Pourtant, peut-on sérieusement affirmer que tout, dans Solal, est fait pour aboutir à Belle du Seigneur ? Outre que ce serait régler bien vite le statut de ces duplications, symétries, échos et correspondances entre les deux œuvres, un tel "finalisme" a toutes chances de nous faire manquer le génie propre d’un roman qui ne ressemble à nul autre. Le Cohen de 1930 n’a pas perdu sa mère, ni connu la guerre, la résistance, le génocide des Juifs ; il n’a pas définitivement élaboré ce qui deviendrait bientôt sa "vision du monde". Il y a dans Solal une forme de fulgurance juvénile, d’insolente irréflexion, de romantisme peut-être, de "naïveté" même (si l’on rend à ce terme toute sa dignité esthétique) qui mérite d’être étudiée pour elle-même. L’unité d’inspiration ne doit pas dissimuler la portée des différences, la profondeur des infléchissements, la force singularisante du contexte biographique et historique.

C’est l’intérêt des trois principales contributions de ces Cahiers que de nous permettre de jeter un regard neuf sur le premier roman de Cohen. La longue étude de Norman Thau, en démontrant des similitudes saisissantes entre Solal et Le Juif Süss de Lion Feuchtwanger, permet à la fois de replacer l’œuvre de Cohen dans un contexte élargi (celui de l’Europe de l’entre-deux-guerres) et d’éclairer sous un nouveau jour la question juive dans le roman, à travers le thème de la "permanence identitaire". L’article d’Évelyne Léwy-Bertaut prolonge ce questionnement en explorant les conditions de possibilité d’un roman d’apprentissage juif.
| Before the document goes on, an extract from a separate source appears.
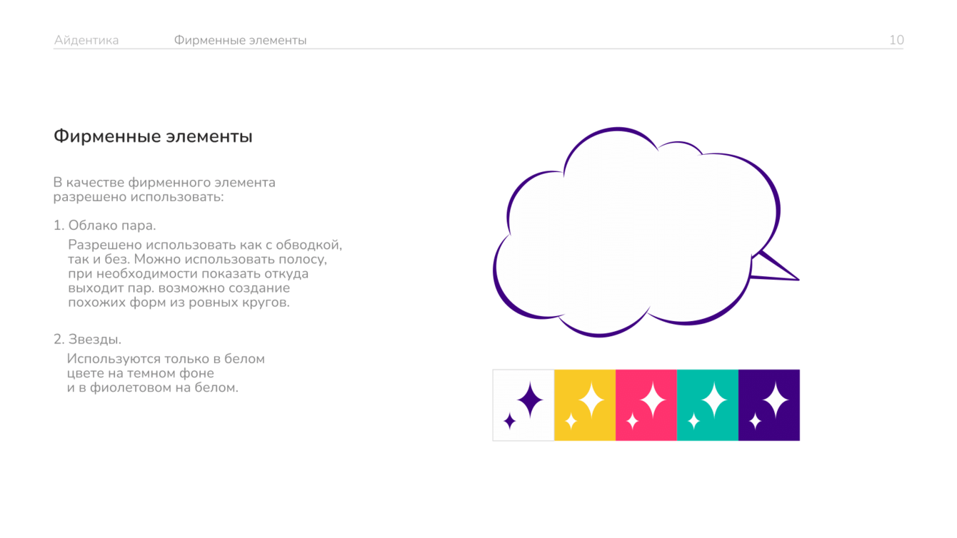 Добавили графические элементы, которые обогащают визуальную айдентику бренда. Облако пара — используется с обводкой и без, помогает создавать эффект динамики. Звезды — применяются только в белом цвете на темном фоне или в фиолетовом на светлом.

La lecture des réflexions de Cohen lui-même sur "Le Juif et les romanciers français", publiées dans la Revue de Genève en 1923, apparaît, dans les deux articles, particulièrement précieuse pour qui veut saisir le contexte intellectuel qui préside à la conception de Solal : on peut regretter qu’un tel document n’ait jamais été réédité. Alain Schaffner, quant à lui, engageant un dialogue fécond avec des études antérieures, revient sur un épisode, souvent commenté, jamais épuisé : celui du Château de Saint-Germain, en choisissant d’approfondir l’aspect proprement "gothique" de l’imaginaire cohénien. Ces études, aussi riches qu’originales, sont utilement complétées par les informations que Denise Goitein-Galpérin met à notre disposition sur les années genevoises d’Albert Cohen et sur son amitié méconnue avec Marc Chapiro.

Le chantier de la recherche reste immense. Tout au moins peut-on espérer que ce dossier donnera, aux uns, l’occasion de prolonger et d’approfondir leur connaissance d’un grand roman, aux autres, simplement, le désir ou le plaisir de lire et de relire Solal.